----- Records supplied

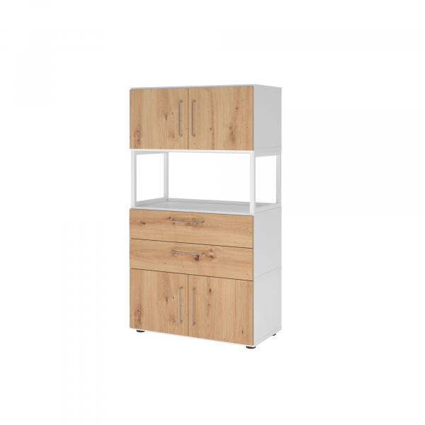 1 Regalfach mit offenem Rahmenelement aus Stahl, 2 Fächer mit je 2 Flügeltüren, 2 Schubladen mit Soft-Stopp, Teilauszug 80%, erhöhte Sockelfüße verstellbar, Bügelgriff, zerlegt, werkzeuglose Korpusmontage und einfache Demontage durch Klicksystem
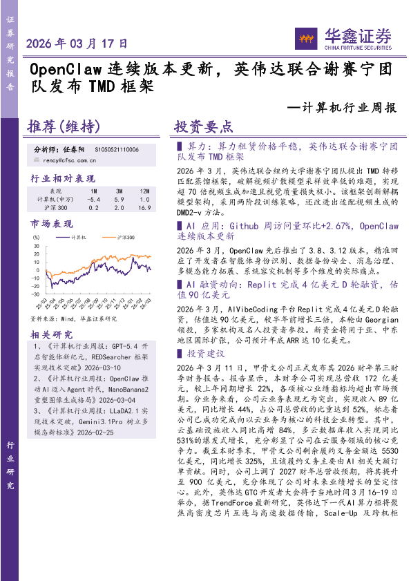 【华鑫证券】【202603】2026年 03月 17日 OpenC law连续版本更新,英伟达联合谢赛宁团队发布 TMD框架-18页
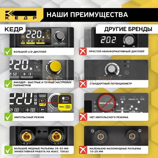 Технические характеристики аппарата инверторного КЕДР UltraARC-250S Pulse Digital (230В, 20-220А)
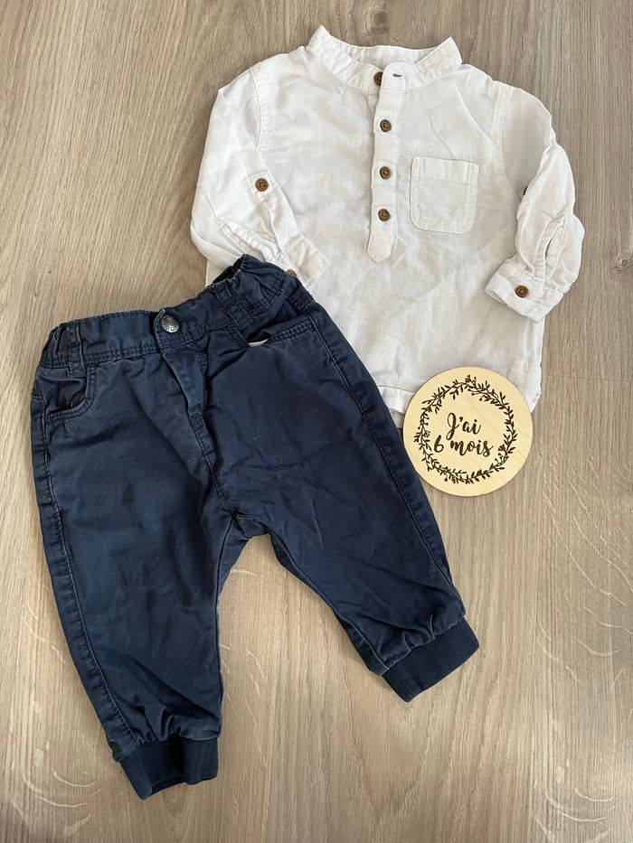 Chemise blanche kiabi Pantalon bleu marine TAO 6 mois
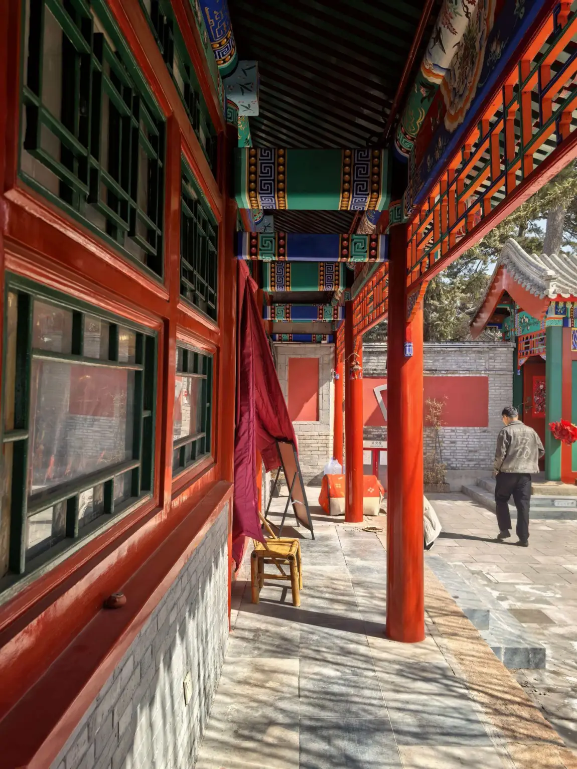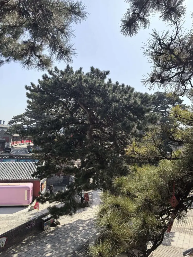 刚进山门,就被朱红的院墙、飞翘的檐角和满院的古松撞了个满怀。210年树龄的二级古油松苍劲挺拔,枝桠间漏下春日的暖阳,光影落在青石板路上,氛围感直接拉满📸。

----------

*What you are asked to do*:
Only the lines from the line with "Технические характеристики аппарата" to the end of the records should be repeated, exactly and without pictures.

*Answer box*:
 Технические характеристики аппарата инверторного КЕДР UltraARC-250S Pulse Digital (230В, 20-220А)
 Chemise blanche kiabi Pantalon bleu marine TAO 6 mois
 刚进山门,就被朱红的院墙、飞翘的檐角和满院的古松撞了个满怀。210年树龄的二级古油松苍劲挺拔,枝桠间漏下春日的暖阳,光影落在青石板路上,氛围感直接拉满📸。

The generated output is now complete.